08.02.11  |  Constitucional   

Ex-prefeito obtém afastamento de condenação

A 1ª Turma do STJ afastou as punições por improbidade administrativa aplicadas a um ex-prefeito da cidade turística de Campos do Jordão (SP), em razão de haver contratado uma empresa sem licitação. Em decisão unânime, os ministros integrantes da Turma consideraram que a Justiça de São Paulo não levou em conta o caráter subjetivo da conduta – existência ou não de má-fé do ex-prefeito.

“A ilegalidade só adquire o status de improbidade quando a conduta antijurídica fere os princípios constitucionais da administração pública, coadjuvada pela má intenção do administrador”, disse o relator do caso, ministro Luiz Fux, reafirmando entendimento já expresso em outros julgados do STJ.

A ação por improbidade administrativa foi movida pelo MP, que considerou ilegal a falta de licitação na contratação de empresa para prestação de serviços de consultoria financeira e orçamentária. A licitação havia sido dispensada pela prefeitura, sob o argumento de notória especialização da empresa.

Na 1ª instância, o ex-prefeito foi condenado, por improbidade administrativa, à perda da função pública (caso estivesse no cargo quando a sentença transitasse em julgado), suspensão dos direitos políticos por cinco anos, multa igual a duas vezes o valor do dano estimado e proibição de contratar com o poder público ou dele receber benefícios creditícios ou fiscais pelo tempo de cinco anos. O TJSP manteve na íntegra a condenação.

Ao analisar o recurso do ex-prefeito contra a decisão do Regional, o ministro Luiz Fux observou que a interpretação e a aplicação da Lei nº 8.429/1992, que trata dos casos de improbidade administrativa, “devem ser realizadas com ponderação”, tendo em vista “a gravidade das sanções e restrições impostas ao agente público”.

Segundo ele, “uma interpretação ampliativa poderá acoimar de ímprobas condutas meramente irregulares, suscetíveis de correção administrativa”. Citando precedentes do STJ, afirmou que “não se enquadra nas espécies de improbidade o administrador inepto”.

De acordo com o relator, o TJSP fez uma análise apenas objetiva da conduta do ex-prefeito, deixando de se manifestar sobre aspectos subjetivos. “O elemento subjetivo é essencial à caracterização da improbidade administrativa”, afirmou o ministro, “sendo certo ainda que a tipificação da lesão ao patrimônio público exige a prova de sua ocorrência, mercê da impossibilidade de condenação ao ressarcimento ao erário de dano hipotético ou presumido”.

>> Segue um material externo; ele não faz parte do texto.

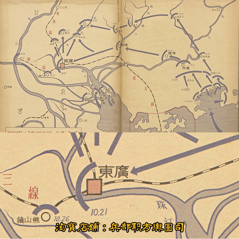 【舆图】JPG日寇侵华侵占广东作战进程高清示意图 尺寸约5800x3700
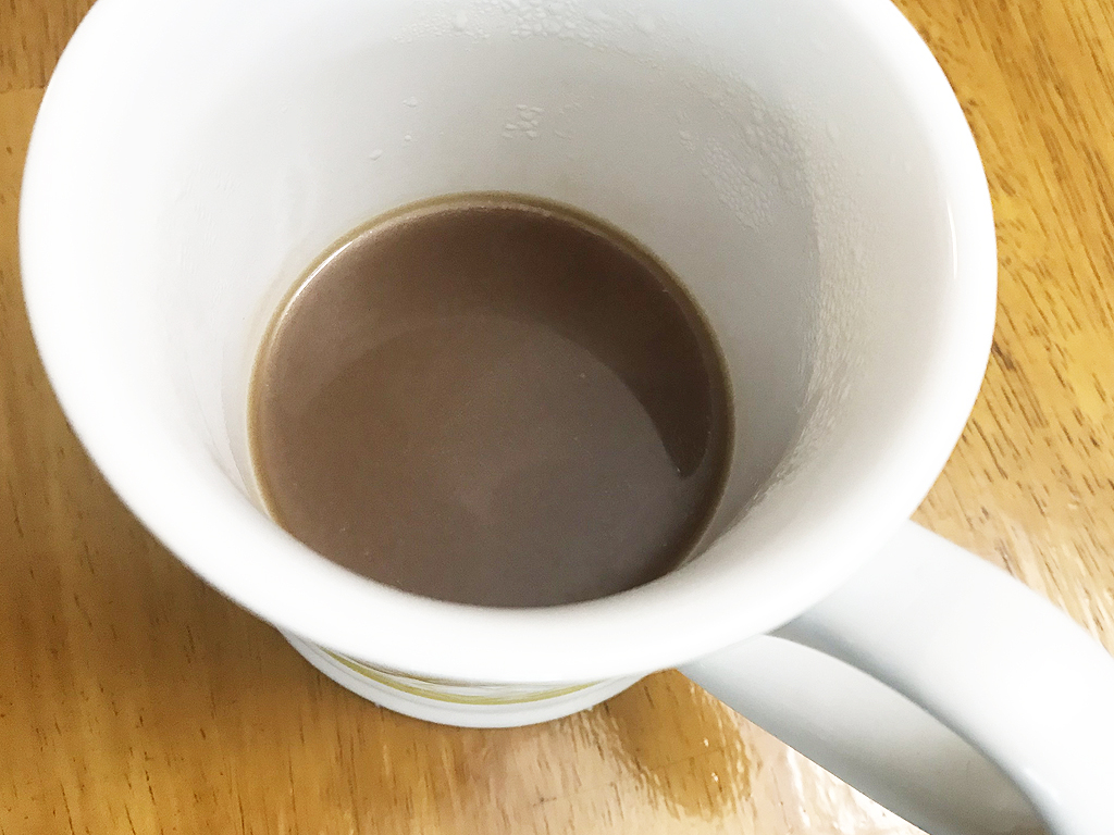I used the biggest, widest-brimmed mug I have because I was nervous that I would spill the tea everywhere when I tried to strain it. Luckily I avoided spilling, but that’s why it looks like there’s hardly any tea in the mug. Well, I guess there is hardly any tea. The recipe only called for one cup of water, so I think next time I’d do two or three cups plus equal parts teaspoon of tea.

No caso de Campos do Jordão, o ministro considerou que não houve dano ao patrimônio público, pois os quase R$ 50 mil pagos pela prefeitura corresponderam a serviços efetivamente prestados pela empresa. Essa falta de dano e a inexistência de prova de má-fé do agente público, segundo o relator, revelam que o tribunal paulista teve um entendimento incorreto do caso.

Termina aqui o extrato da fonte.